Não tão grotesco quanto o original, nem tão nítido quanto o novo
Uma história semelhante segue para o design da bicicleta. Alegadamente, a Suzuki conduziu algumas pesquisas de mercado nos EUA e no Japão em 2004 para identificar quais elementos da Hayabusa atraíram tantos compradores. Descobriu que, embora o design original do Busa estava polarizando na mídia, os clientes adoraram o design grotesco. Yoshiura, o designer, também viajou pelos EUA para se inspirar na cena personalizada de Busa. Assim, a Suzuki projetou a Gen 2 Hayabusa para fortalecer a aparência da moto, mantendo a mesma linha e estrutura geral.
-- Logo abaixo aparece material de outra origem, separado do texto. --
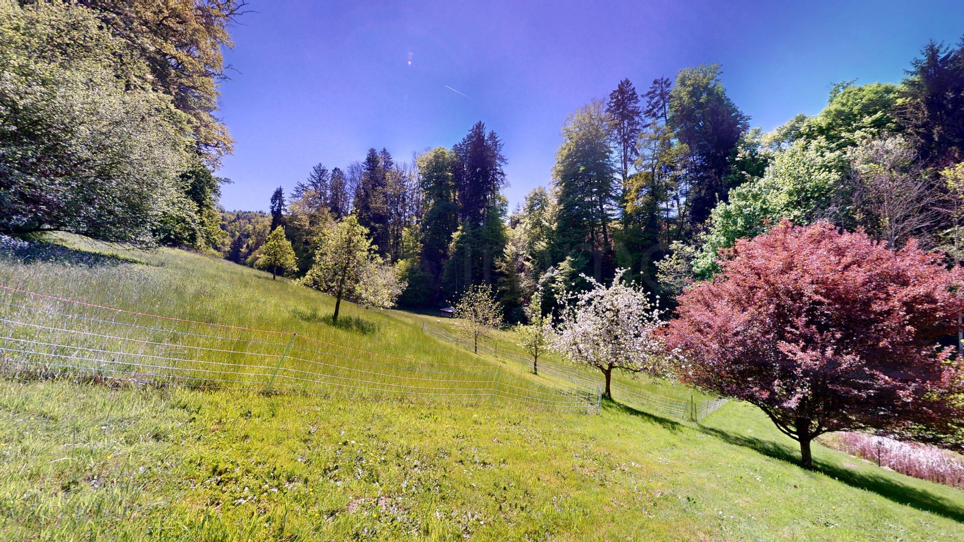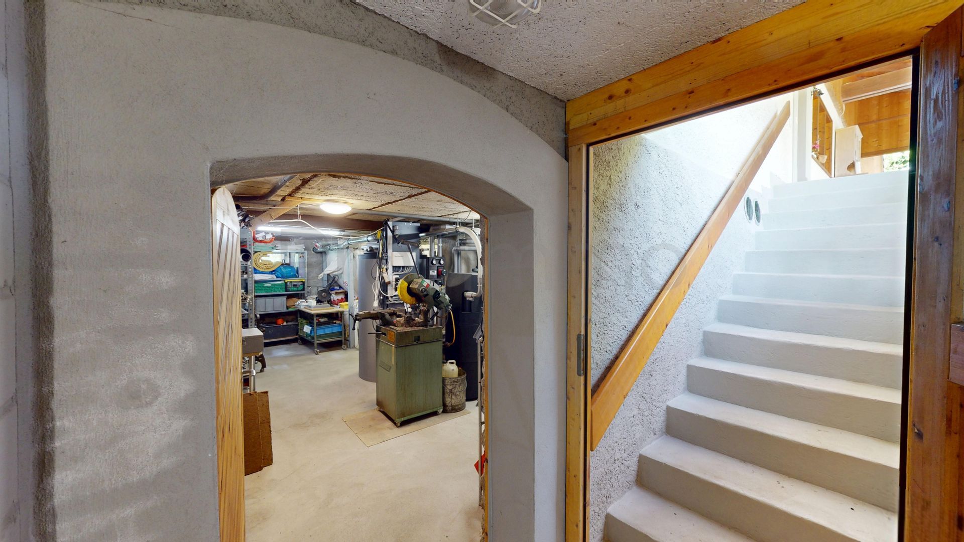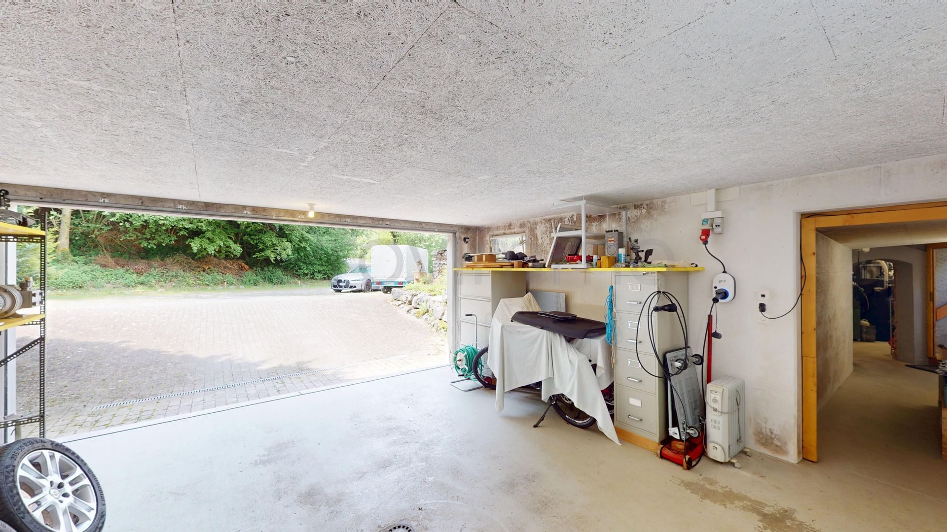 Ein grosser Vorteil dieser Liegenschaft sind die vielfältigen Neben- und Nutzflächen. Die Doppelgarage mit elektrischem Garagentor ist Teil eines separaten Nebengebäudes und durch einen unterirdischen Verbindungstunnel direkt mit dem Wohnhaus verbunden – praktisch, um bei Regen trocken mit den Einkäufen nach Hause zu gelangen. Oberhalb der Garage mit Ladestation für Elektroautos befindet sich eine geräumige Werkstatt, die sich ideal als Atelier, Hobbyraum oder – besonders interessant für Tierhalter – auch als Stallung für Kleintiere oder Pferde umbauen lässt. Wer Tiere liebt, findet hier ideale Bedingungen vor: viel Grün, genügend Platz und die Ruhe, die Tiere zum Wohlfühlen brauchen.

Eu queria criar uma forma masculina que complementasse a estrutura muscular do piloto, com toques de bíceps, antebraços e panturrilhas desenvolvidos. – Koji Yoshiura, designer da geração 1 e geração 2 Hayabusa
Embora a forma geral seja muito próxima do original, as linhas da moto foram ditadas principalmente por testes em túnel de vento. Como resultado, a moto não só ofereceu melhor proteção contra o vento e desempenho aerodinâmico, mas também parecia mais coesa em comparação com o modelo de primeira geração. Embora a aparência seja subjetiva, achamos que ele também parece melhor do que o Busa da geração atual, já que este último é mais angular e nítido, afastando-se da identidade crua e orgânica das duas primeiras gerações.
Uma ave de rapina que envelheceu bem
A Hayabusa original sempre será um ícone por quebrar recordes de velocidade e pôr fim às guerras de velocidade, enquanto a mais nova Hayabusa continuará a atrair os pilotos que procuram um míssil sobre duas rodas com conforto de turismo esportivo. Mas o Hayabusa Gen 2 será conhecido por ser o mais poderoso dos três, oferecendo um apelo analógico sem ser totalmente perigoso e com um design que (embora ainda polarize) parece melhor do que os Busas mais antigos e mais novos. Em nossos livros, o Gen 2 é a Hayabusa definitiva.